In the past month local models have been ramping up in major way meanwhile the namesake providers have upped prices, went offline randomly, and started doing slimier and slimier things.

I really think the future is local compute. Or at least self hosted models.

▲

SchemaLoad 9 hours ago | parent | next [-]

The hosted ones still have the advantage of being able to search the internet for live info rather than being limited to a knowledge cut off date.

▲

gbear605 9 hours ago | parent | next [-]

I’m not sure why a model needs to be hosted in order to make network calls?

▲

hansvm 9 hours ago | parent [-]

Is there a library of good tools for LLMs to call? I have to imagine the bot-detection avoidance mechanisms are a major engineering effort and not likely to work out of the box with a simple harness and random local LLM.

▲

gbear605 5 hours ago | parent | next [-]

If your volume is low enough, it should be pretty fine. It can just piggy back onto your personal browser cookies for Cloudflare.

▲

ossa-ma 9 hours ago | parent | prev | next [-]

Even the hosted ones are blocked from searching certain sites, for example Claude is banned from searching Reddit:

`Error: "The following domains are not accessible to our user agent: ['reddit.com']."`

▲

wyre 9 hours ago | parent | prev [-]

Tavily, Exa, Firecrawl, Perplexity, and Linkup are all tools for agents to search the web.

I’ve been building a harness the past few months and supports them all out of the box with an API key.

▲

goosejuice 8 hours ago | parent [-]

Kagi also has an API. People who hate ads are probably the same folk that should be paying for Kagi. That's the sane alternative world where companies respect their users.

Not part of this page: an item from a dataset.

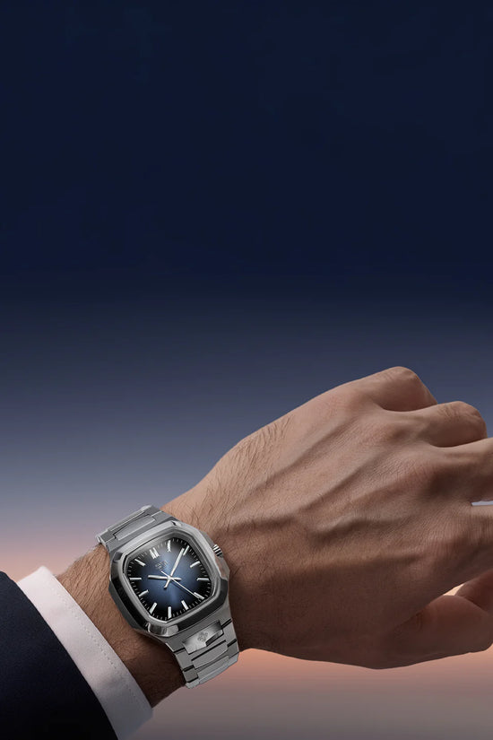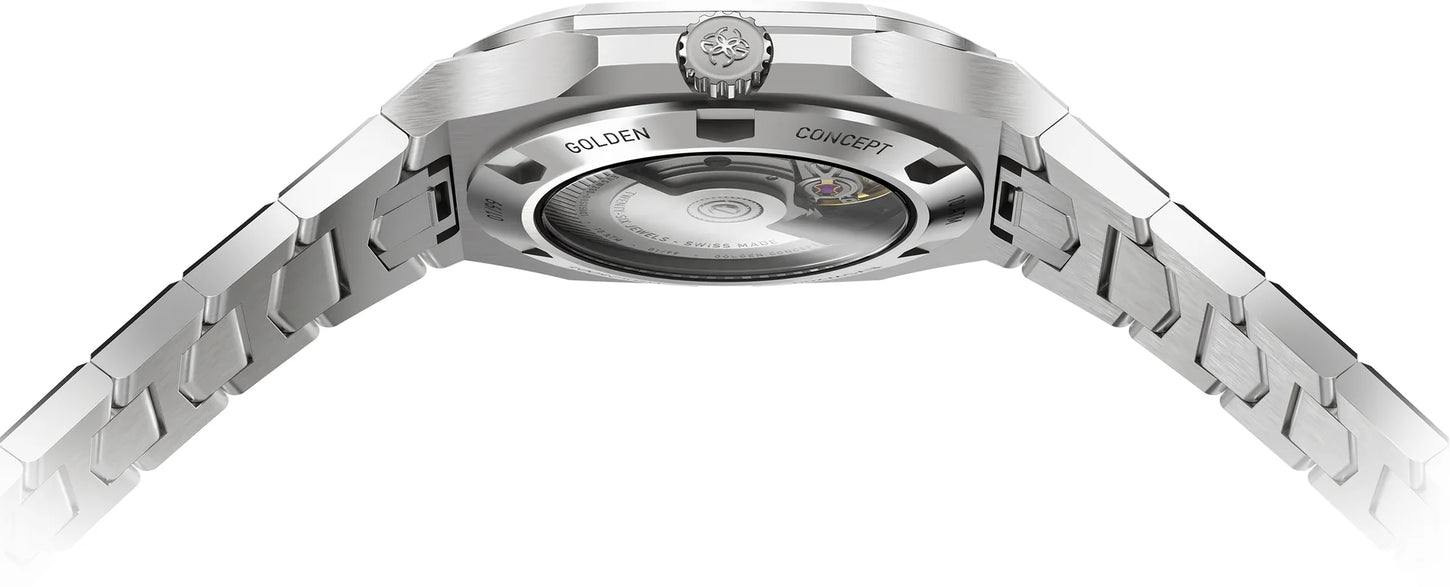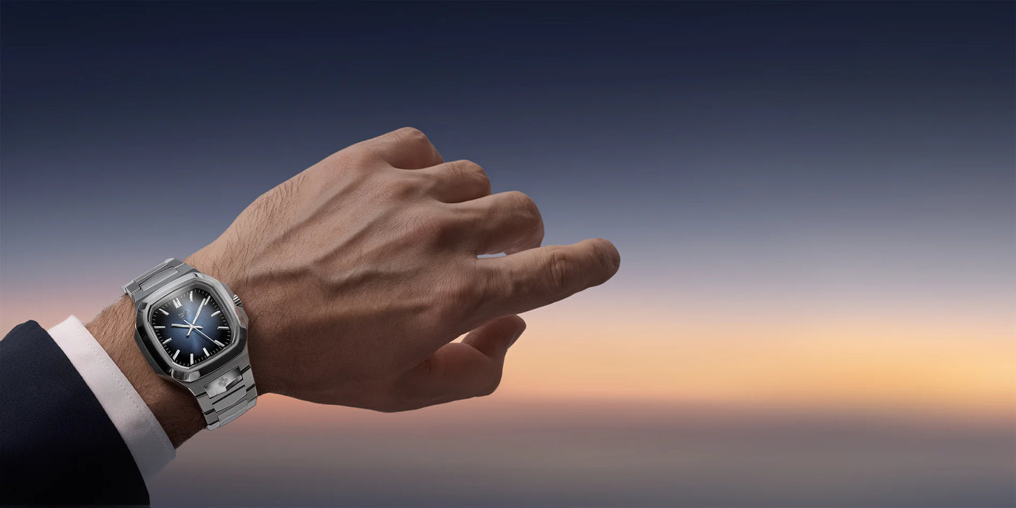 ゴールデンコンセプトの時計づくりは、Apple Watch の形を模した自動巻き時計から始まりました。単体のタイムピースとしての魅力を備えながら、私たちのケースを装着することでまったく新しい表情へと変化するテクノロジーと伝統的な機械式時計の精神をひとつに結びつけた、象徴的な存在でした。

	▲	wyre 2 hours ago \| parent [-]
		Oh, you got me so excited. I've had a Kagi sub for 3 years, but their API is still in closed beta. I guess I could (and should reach out and ask for access).

▲

chrisweekly 7 hours ago | parent | prev | next [-]

That's not how it works. Whether local or hosted, every modern model has a cutoff date for its training data, and can be leveraged by agents / harnesses / tools to fetch context from the internet or wherever.

▲

darepublic 9 hours ago | parent | prev | next [-]

Local ones that support tool use can do the same

▲

eightysixfour 9 hours ago | parent | prev [-]

You can do that locally too!

▲

CSMastermind 9 hours ago | parent | prev [-]

What's the rough equivalent of a local model? Are we talking GPT-4?

	▲	2ndorderthought 8 hours ago \| parent \| next [-]
		Qwen 3.6 which was released this month is a large but still smaller model. Supposedly it's at about sonnet level when configured correctly. It can be run on commodity hardware without purchasing a data center. https://www.reddit.com/r/LocalLLaMA/comments/1so1533/qwen36_... Then there are middle size ones which require multiple gpus which are like gpts latest flagships. Then there is kimi 2.6 which is a monster that is beating opus in some benchmarks. https://www.reddit.com/r/LocalLLaMA/comments/1sr8p49/kimi_k2... It's basically whatever you can afford. Any trash heap laptop can run code auto complete models locally no problem. The rest require some level of investment, an idle gaming pc, or a serious investment
	▲	Terretta 9 hours ago \| parent \| prev \| next [-]
		Depends on your VRAM or "unified" memory for how smart it is, and CPU/GPU for how quick it is. 128GB of RAM? Sure, the early to mid 4s releases, except maybe 4o. And on an M5 Max, about the same speed. I wouldn't really bother under 64GB (meaning 32GB or less) except for entertainment value (chats, summaries, tasky read-only agent things).
	▲	kay_o 9 hours ago \| parent \| prev [-]
		GLM 5.1 and DeepSeek 4 are acceptable, but the cost of hardware and energy cost that depending on your use case you may as well purchase a Tokens. They get useless and stupid rapidilty if you quant enough to run on single 16-24GB GPU style.